Multiclass Loss Geometry Matters for Generalization of Gradient Descent in Separable Classification

TL;DR

This paper analyzes how the geometry of loss functions affects the generalization of gradient descent in multiclass linear classification, revealing that loss template geometry influences convergence rates and risk bounds.

Contribution

It introduces novel population risk bounds for multiclass gradient descent that depend on loss template geometry, extending understanding beyond binary classification.

Findings

Risk bounds depend on loss template geometry, not just decay rate.

For exponential losses, risk scales logarithmically with number of classes for p=∞.

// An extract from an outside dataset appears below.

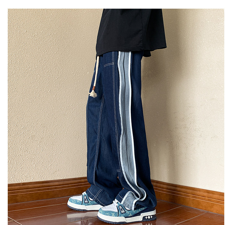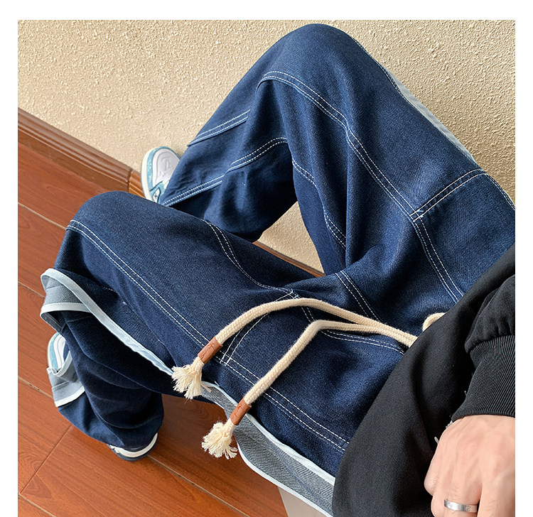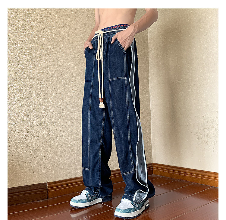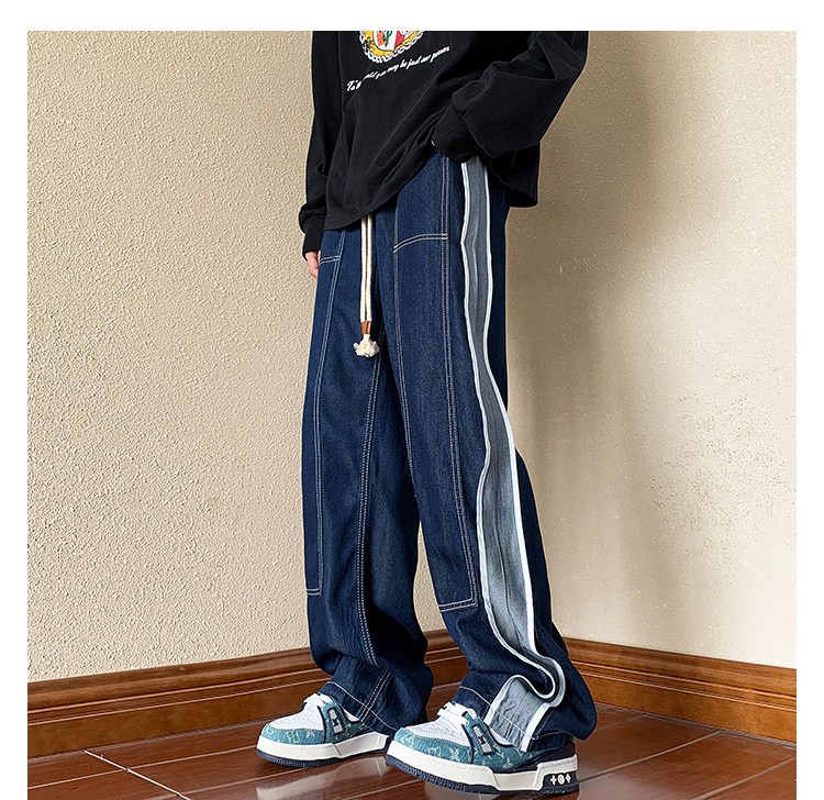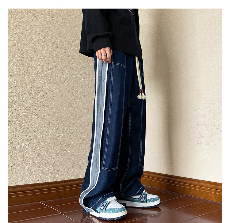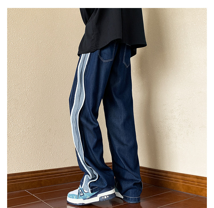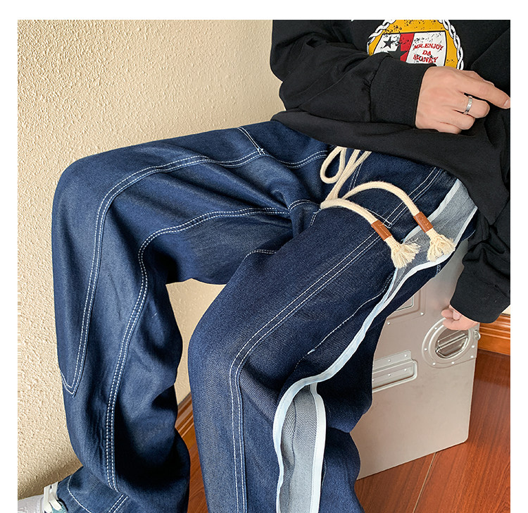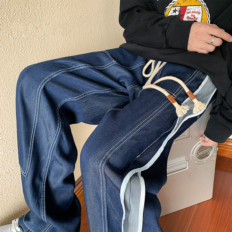 水洗牛仔裤男秋冬款美式高街设计感小众拼接水洗宽松直筒阔腿裤子

Lower bounds show polynomial dependence on class number is unavoidable.

Abstract

We study the generalization performance of unregularized gradient methods for separable linear classification. While previous work mostly deal with the binary case, we focus on the multiclass setting with $k$ classes and establish novel population risk bounds for Gradient Descent for loss functions that decay to zero. In this setting, we show risk bounds that reveal that convergence rates are crucially influenced by the geometry of the loss template, as formalized by Wang and Scott (2024), rather than of the loss function itself. Particularly, we establish risk upper bounds that holds for any decay rate of the loss whose template is smooth with respect to the $p$-norm. In the case of exponentially decaying losses, our results indicates a contrast between the $p=\infty$ case, where the risk exhibits a logarithmic dependence on $k$, and $p=2$ where the risk scales linearly with $k$. To establish this separation formally, we also prove a lower bound in the latter scenario, demonstrating that the polynomial dependence on $k$ is unavoidable. Central to our analysis is a novel bound on the Rademacher complexity of low-noise vector-valued linear predictors with a loss template smooth w.r.t.~general $p$-norms.